Ленань смотрела на него, высоко подняв тонкие, абсолютно правильной — некрутым полумесяцем — формы брови.
— Есть, — сказал Виталий и изобразил процесс потребления пищи. Тут поневоле клоуном станешь. — И пить, — и он опять опрокинул в себя невидимый стакан.
Глаза Ленань лукаво блеснули. Она отошла чуть дальше вглубь комнаты и сказала что-то на своем странном языке, полном гласных и певучих полугласных, звуков вроде гортанного долгого хх или сильного шипящего звука, похожего одновременно на ш и на щ. Потом было несколько неуловимых пассов руками, и вдруг посреди комнаты материализовался невысокий столик со стоящей на нем плетеной и кожаной посудой. И то, что лежало в посуде, даже с виду было вполне съедобно.

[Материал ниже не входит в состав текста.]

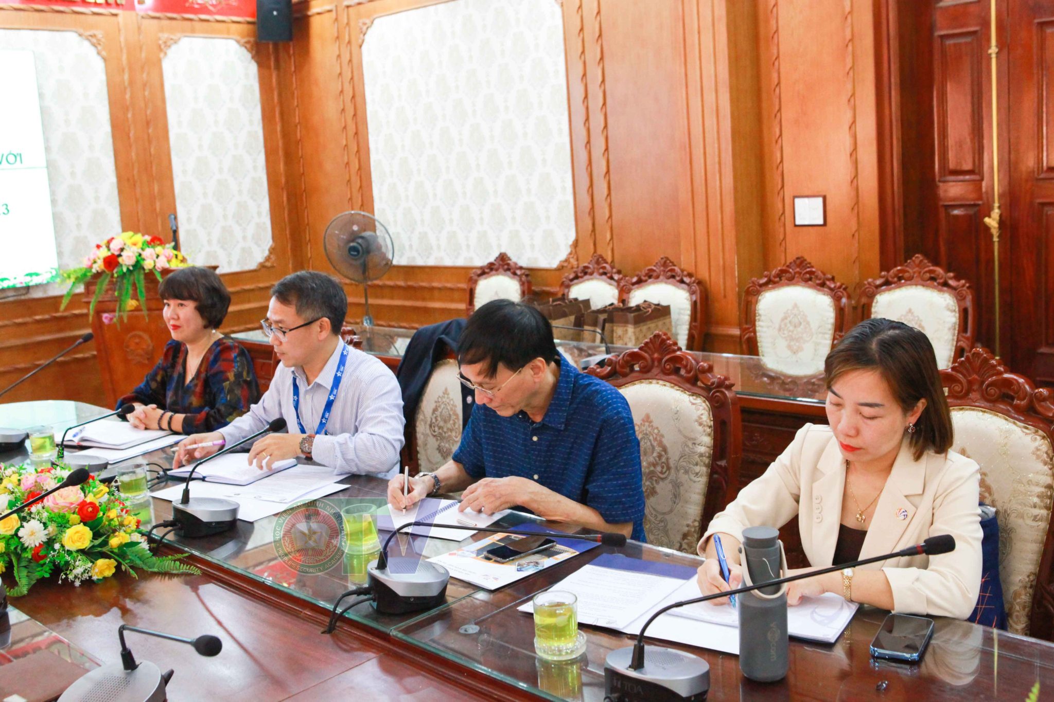 Về phía Học viện An ninh nhân dân có sự tham dự của Đại tá Nguyễn Văn Thiết – Phó Giám đốc Học viện An ninh nhân dân; Thượng tá Nguyễn Thị Phương Lan – Giám đốc Trung tâm Ngoại ngữ – Tin học; Đại tá Nguyễn Văn Nghiêm – Trưởng phòng Hậu cần; Thượng tá Phạm Quốc Dũng – Chánh Văn phòng; Trung tá Nguyễn Thị Ái Vân – Phó Trưởng phòng Tổ chức cán bộ; Trung tá Đặng Nghiêm Thu Nga – Phó Giám đốc Trung tâm Ngoại ngữ – Tin học; Thiếu tá Mai Văn Trọng – Phó Giám đốc Trung tâm Ngoại ngữ – Tin học;…

— Цирк собачий, — произнес Виталий, подходя к столу. — Вы, девушка, не от Дэвида ли, часом, Копперфильда?
Он потрогал столик. Настоящий. Еда пахла. И пахла вкусно. И он вдруг почувствовал, что страшно голоден. И что готов съесть сейчас хоть обезьяну, живьем, если обезьяна сейчас сюда ввалится.
— Йэсс, — сказала Ленань, указывая рукой на столик. — И пийй, — она подняла с пола невесть откуда взявшийся там бурдюк и налила оттуда некой желтоватой, слегка тягучей жидкости в плетеный туесок. Виталий, немного замешкавшись, протянул руку.

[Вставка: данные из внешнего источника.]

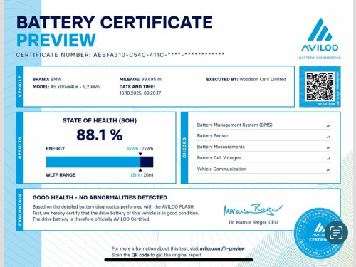 ** 1 Previous Owner ** ** Finance Soft Search Pre Approval ** This 66 Plate BMW X5 2.0 40e 9.0kWh M Sport SUV 5dr Petrol Plug-in Hybrid Auto xDrive Euro 6 (313bhp) has covered 99,000 miles in Black with BMW Individual Terra Leather interior, Vehicle has service history. 1 Previous Owner, Lane Assist, Traffic Jam Assist, Sat Nav, Heated Front & Rear Seats, Heated Steering Wheel, Panoramic Roof, Head Up Display, Dual Climate Control, Bang & Olufsen Speakers, AA Approved Dealer + much more + 6 months nationwide warranty included (with certain prep packages), upgrades available + Any inspection/test drive more than welcome + Up to 40 photos available + Video walk around available on request + Credit/Debit card payment welcome + Approved finance partner with consumer credit licence held + Part exchange welcome + Private plate transfers, delivery service all available on request + Call 7 days a week to discuss and book an appointment Dakota Leather - Terra with Black Interi, Instrument Panel - Leather, Luggage Compartment Separating Net, Dakota Leather - Canberra Beige with Bei, Universal Remote Control, 12V Power Sockets, 20GB HDD Memory, 20in Alloy Wheels - Light M Double Spoke, 40-20-40 Split Folding Rear Seats, Adaptive M Sport Suspension, Air Conditioning - Automatic with Two-Zo, Airbags, Alarm System - Thatcham 1 with Remote Co, Ambient Interior Lighting, Armrest - Front with Storage Compartment, Automatic Start-Stop Button, Automatic Transmission with Gearshift Pa, Automatically Dimming Rear View Mirror, Auxiliary Input Point for Auxiliary Play, BMW ConnectedDrive Online Services, BMW ConnectedDrive Services, BMW

Ленань, судя по всему, поняла его колебания правильно. Прыснув со смеху и обнажив два ряда белых, ровных и мелких как жемчужинки зубов, она отпила из туеска первая, не сводя при этом глаз с Виталия. Он улыбнулся в ответ, взял у нее из рук туесок и тоже хлебнул. Что-то вроде ставленого меда. На каких-то травах. С такими напитками, кстати, нужно и впрямь быть осторожным. Не заметишь, как ноги слушаться перестанут. Впрочем, это смотря сколько выпить. И главное — с кем.
Виталию такое заточение начинало все больше и больше нравиться. Ленань уже села — по-монгольски скрестив ноги и запахнув коленки балахончиком — к столу и что-то жевала. Виталий сделал еще один глоток и сел рядом.

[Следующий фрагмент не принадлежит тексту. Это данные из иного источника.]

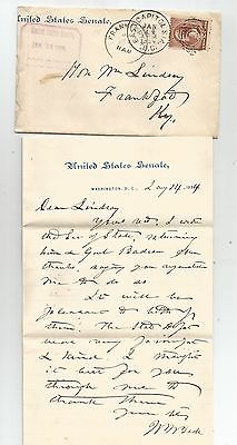 1884 US SENATE COVER, W/SENATE PM, & LETTER ON SENATE STATIONARY

12 июля 1999 года. Волга. 09.09.
На следующее утро Ирина, Ахх-Ишке и Ом снова сидели на берегу небольшого залива, и Ахх-Ишке выполнял данное вчера обещание — рассказывал о йети и фэйри.
— Мы с вами — от одного корня. Но только разошлись наши ветви в разные стороны очень давно. Наша вода показывает («наша память, наши предания гласят» — автоматически перевела для себя Ирина; в английском не было многих понятий, имеющихся и на астоме, и на языке фэйри, и Ахх-Ишке часто пользовался калькой, буквальным переводом с фэйри на английский, то ли стараясь точнее передать смысл, то ли просто не давая себе труда подыскать более или менее адекватную замену), что разница между нашими и вашими предками была когда-то очень небольшой. И заключалась она в первую очередь в способах добывания пищи. Наши предки остались в лесах и у воды и питались, как и раньше, в основном растительной пищей. Ваши вышли на равнины, в луга и степи, где паслись тогда огромные стада крупных животных, и стали охотниками. Но от этого не слишком значительного поначалу расхождения произошли в дальнейшем весьма существенные перемены.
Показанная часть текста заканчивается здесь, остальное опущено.